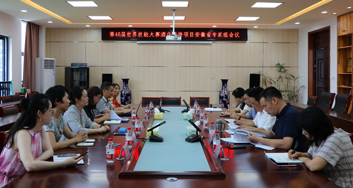 7月9日下午,第46届世界技能大赛酒店接待项目安徽省专家组会议在外国语学院5402会议室召开。酒店接待项目专家组成员、集训基地领导小组部分成员及外国语学院党政领导班子参加会议。
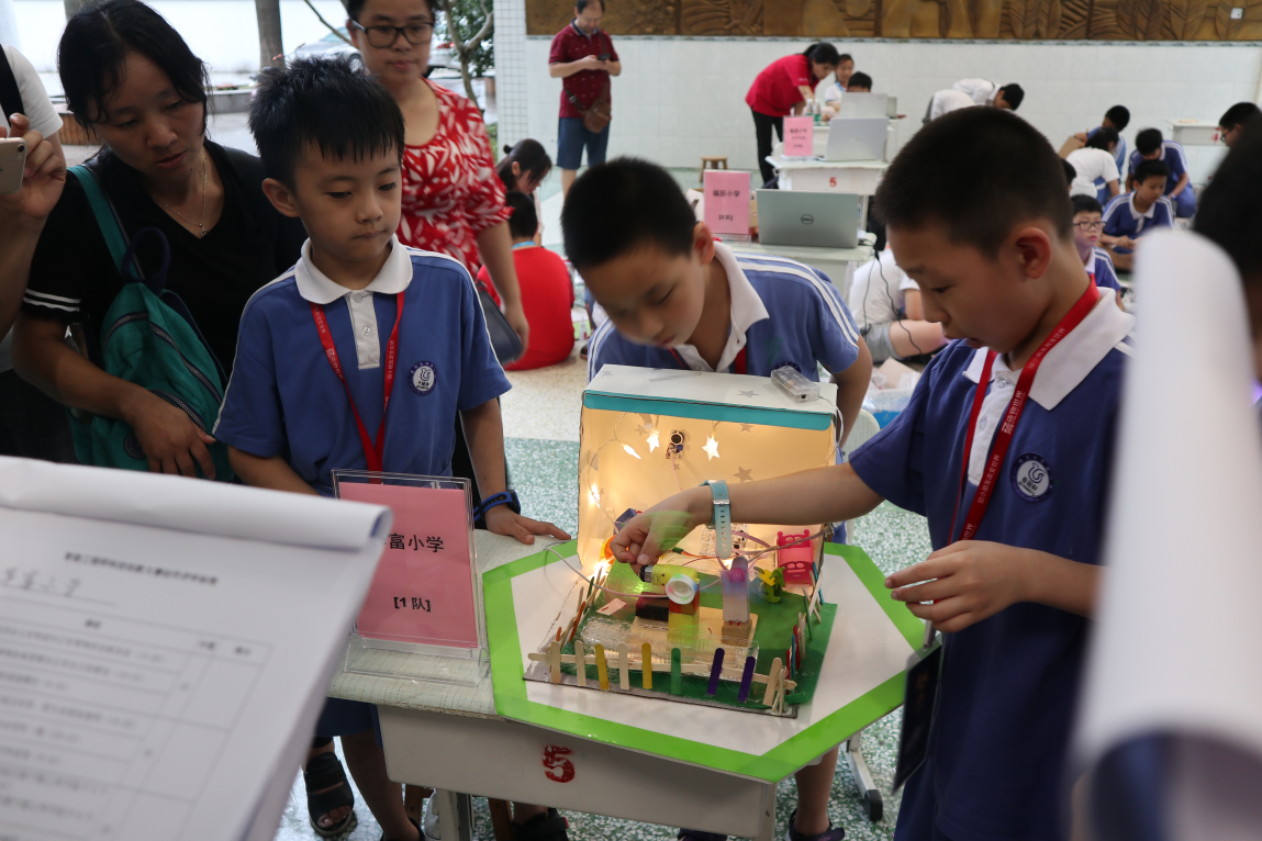 路演階段更是精彩紛呈,如:荔園小學(xué)通新嶺校區(qū)的“廚用智能感應(yīng)水龍頭”、明德實(shí)驗(yàn)學(xué)校碧海校區(qū)的“天臺智能晾曬房”、上步小學(xué)的“智能鼠標(biāo)”、華富小學(xué)的“室內(nèi)照明監(jiān)測盒”等眾多創(chuàng)意新奇的作品。
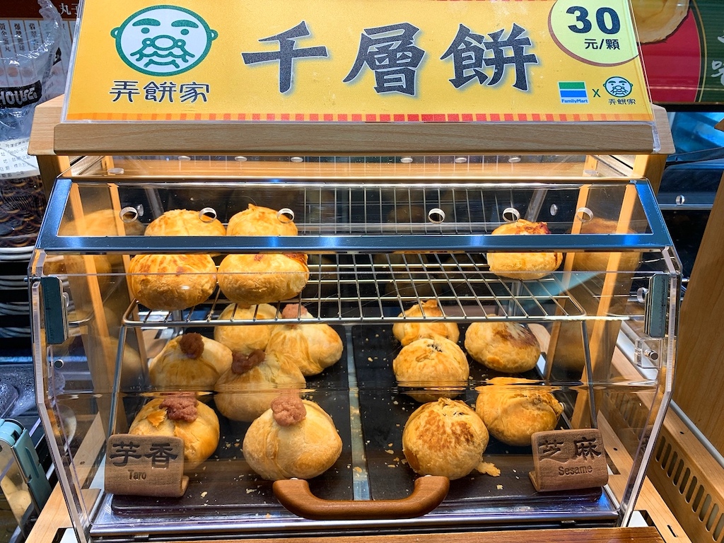 ▼全家特別找來經典中式點心品牌「弄餅家」,聯手推出三款人氣千層餅!以真材實料、獨家純手工作法創造出千層的鬆軟口感為主要特色,經典「鮮肉千層餅」(30元),採用CAS認證合格的豬後腿瘦肉,吃起來不會太油膩,且在嘴裡散發多汁美味;「芋頭千層餅」(30元)則是將芋頭去皮後運用蒸煮的方式,保留住芋頭原有的香氣與鬆軟度,散發出淡淡的甜味;「芝麻千層餅」(30元)使用新鮮黑芝填進美味的餅皮中,內裡飽滿甘醇的香氣和甜味,讓人忍不住多嚐幾口,搭配指定飲料還可享49元超值配。
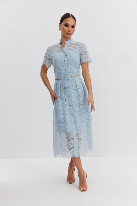 Платье из кружевной ткани полуприлегающего силуэта длины «миди»  расширенное к низу. По талии подрез, нижняя часть платья со встречными складками по талии. По переду планка с застежкой на петли и пуговицы. По горловине стойка. Рукав втачной короткий. Платье на подкладке. Поясок в комплекте.
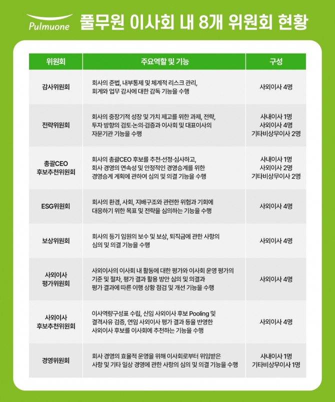 풀무원 이사회사무국 도경업 국장은 “이사회 중심의 독립적이고 전문적인 경영은 기업의 지속가능성과 중장기 경쟁력을 뒷받침하는 핵심 기반”이라며, “앞으로도 투명하고 책임 있는 지배구조를 지속적으로 강화하여 기업가치제고에 기여할 계획”이라고 말했다.
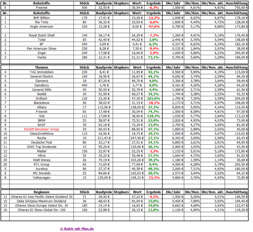 Meine selbst gesetzte jährliche Ziel-Rendite von 8% pro Jahr konnte ich damit mehr als verdoppeln. Das ist doch mal ordentlich für ein Dividenden-Depot mit einer kleinen Trading-Note. Das sehr gute Ergebnis freut mich um so mehr, da die letzten Monate eher schwach waren und ich auch mit meinen Tradingpositionen nicht immer ein glückliches Händchen hatte. Mit Drillisch und Sixt liegen nun bereits zwei Depotwerte über der 100% Marke. Im Moment ist ein Verkauf der beiden noch nicht vorgesehen.[/styled_box] [quote_center]Du möchtest nur für einige deiner Aktien den Dividenden-Alarm nutzen? Dann wird dir dieses Angebot besser gefallen.[/quote_center] [styled_box title=“Tradingposition:“ class=“sb_yellow“] Auch meine langfristige Tradingposition Freenet hat sich zuletzt wieder deutlich erholt. Besonders wichtige News gab es in den letzten Tagen nicht. Dafür rückt in wenigen Tagen das 3-Monatshoch in den Fokus und im Anschluss das Jahreshoch.
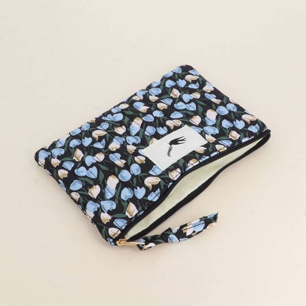 Trousse côtelée - Colombe de la Paix, motifs fleuris imprimés Noir

┄┄┄┄┄┄┄┄┄┄┄┄┄┄┄┄┄┄┄┄

Instructions to follow:
Output exactly the lines above, beginning at the one with "풀무원 이사회사무국 도경업" and stopping after the one with "Meine selbst gesetzte". Pictures are to be omitted.

The answer:
 풀무원 이사회사무국 도경업 국장은 “이사회 중심의 독립적이고 전문적인 경영은 기업의 지속가능성과 중장기 경쟁력을 뒷받침하는 핵심 기반”이라며, “앞으로도 투명하고 책임 있는 지배구조를 지속적으로 강화하여 기업가치제고에 기여할 계획”이라고 말했다.
 Meine selbst gesetzte jährliche Ziel-Rendite von 8% pro Jahr konnte ich damit mehr als verdoppeln. Das ist doch mal ordentlich für ein Dividenden-Depot mit einer kleinen Trading-Note. Das sehr gute Ergebnis freut mich um so mehr, da die letzten Monate eher schwach waren und ich auch mit meinen Tradingpositionen nicht immer ein glückliches Händchen hatte. Mit Drillisch und Sixt liegen nun bereits zwei Depotwerte über der 100% Marke. Im Moment ist ein Verkauf der beiden noch nicht vorgesehen.[/styled_box] [quote_center]Du möchtest nur für einige deiner Aktien den Dividenden-Alarm nutzen? Dann wird dir dieses Angebot besser gefallen.[/quote_center] [styled_box title=“Tradingposition:“ class=“sb_yellow“] Auch meine langfristige Tradingposition Freenet hat sich zuletzt wieder deutlich erholt. Besonders wichtige News gab es in den letzten Tagen nicht. Dafür rückt in wenigen Tagen das 3-Monatshoch in den Fokus und im Anschluss das Jahreshoch.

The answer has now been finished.